The real key with this lull in Rocky Mountain luxury building is for conservation organizations and the federal agencies to step up to the plate and buy some of the nicer pieces (not of YC or Tamarack, I mean) of private land before the subdivision craze ramps up again.
Several years ago, Ed Marston wrote some good (albeit grim) stories on possible futures for the mega-Mansions that dot our hillsides. With energy prices the way they are and the possible beginnings of a shift away from huge, expensive to maintain homes in the woods, we may see his vision come to pass in 30 years.
I did a lot of custom carving in 2 homes in Tamarack. I used to argue with the builder about wolves. I’m glad I got paid before it crumbled.

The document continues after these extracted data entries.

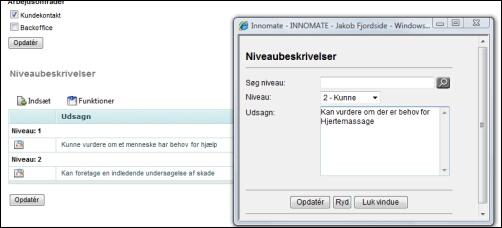 Efter klik på Opdatér, åbnes mulighed for at indsætte Niveaubeskrivelser.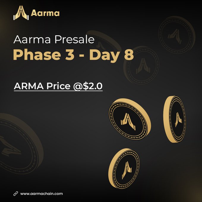 PRESALE - PHASE 3 IS LIVE! Purchase ARMA Coin @$2.0 ✅ To remind you, ARMA price increases with every new phase! Buy ARMA at a discounted price before this phase ends! Buy now: presale.aarmachain.com #AarmaChain #ARMA #Aarma #Presale #Crypto #Cryptocurrency #Blockchain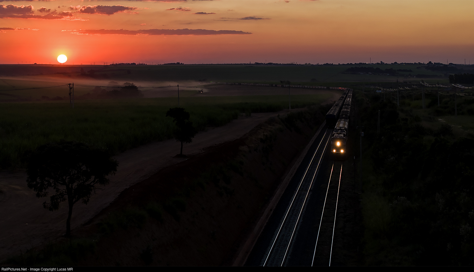 | The sun is about to set as southbound train I18 meet a northbound empty at Km 213,5 near São Carlos. |

I’ve wondered the same thing about these big homes and smaller ones too, in remote areas subject to cold temperatures and wind.
Catbestland,
Read this: Ex-Tamarack vice president suing resort for severance pay. Idaho Statesman.
The thing that separates these projects from smaller developments is the upkeep and operational costs for amenities that are enjoyed by a very few people for only a few days a years, relatively speaking. There will be difficulties finding someone to step into the breach to pay for these amenities over a short period of time. This is why failures at this level could really make the lots inside the project worth next to nothing. Who’s going to pay for cleaning, landscaping, heating, security and maintenance of an 8,000 sqft house when the neighboring golf course and the ski lifts are closed? Where are the buyers going to come from? Real estate around most of the resort town west is feeling the bubble pop big time. If bankruptcy happens, there’s going to be some more pain in the local communities too – so many of the economies in these towns are invested in luxury services/building.
they remind me of new fancy golf courses,,, the builders and the first two or three sets of owner ship go bust because the first guy who built it spent way tooo much on land and consstrcution, he goes bust,, number 2 and 3 also go because they thought they got deals but were still paying way to much for the property which no real cost management due to the new ness of such large projects, memberships, etc and maintenance like the above poster stated,, usually by number 4, the new owners can stand the heat and the cost have become more known and controlllable. just takes a while for it all to get right. Valuations may go down, but it usually equallizes with the market conditions
Very interesting comments! I had tried to open the subject from time to time in the past.
It’s good to finally read some responses.